▸ **What you have to do**
Transcribe the full listing exactly, and drop every picture.

▸ **Data block**
########

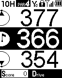 NEOでもおなじみの現在位置からのグリーンまでの距離を表示します。画面が縦に広がった分、フロント、センター、バックまでの各々の距離を即座に表示ます。
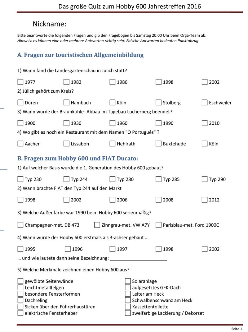 Das große Hobby 600- Quiz vom Jahrestreffen 2016 in Jülich. Teste Dein Wissen!
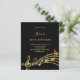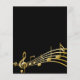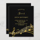 Eine trendige, moderne, 70. (oder jedes Alter) Geburtstagsausweis für Damen und Herren. Klassischer schwarzer Hintergrund und Musiknoten, goldfarbene Buchstaben. Personalisieren Sie Ihre Party-Informationen und fügen Sie sie hinzu. Zurück: Schwarze Imitate Gold Musiknoten.

########

▸ **Response area**
 NEOでもおなじみの現在位置からのグリーンまでの距離を表示します。画面が縦に広がった分、フロント、センター、バックまでの各々の距離を即座に表示ます。
 Das große Hobby 600- Quiz vom Jahrestreffen 2016 in Jülich. Teste Dein Wissen!
 Eine trendige, moderne, 70. (oder jedes Alter) Geburtstagsausweis für Damen und Herren. Klassischer schwarzer Hintergrund und Musiknoten, goldfarbene Buchstaben. Personalisieren Sie Ihre Party-Informationen und fügen Sie sie hinzu. Zurück: Schwarze Imitate Gold Musiknoten.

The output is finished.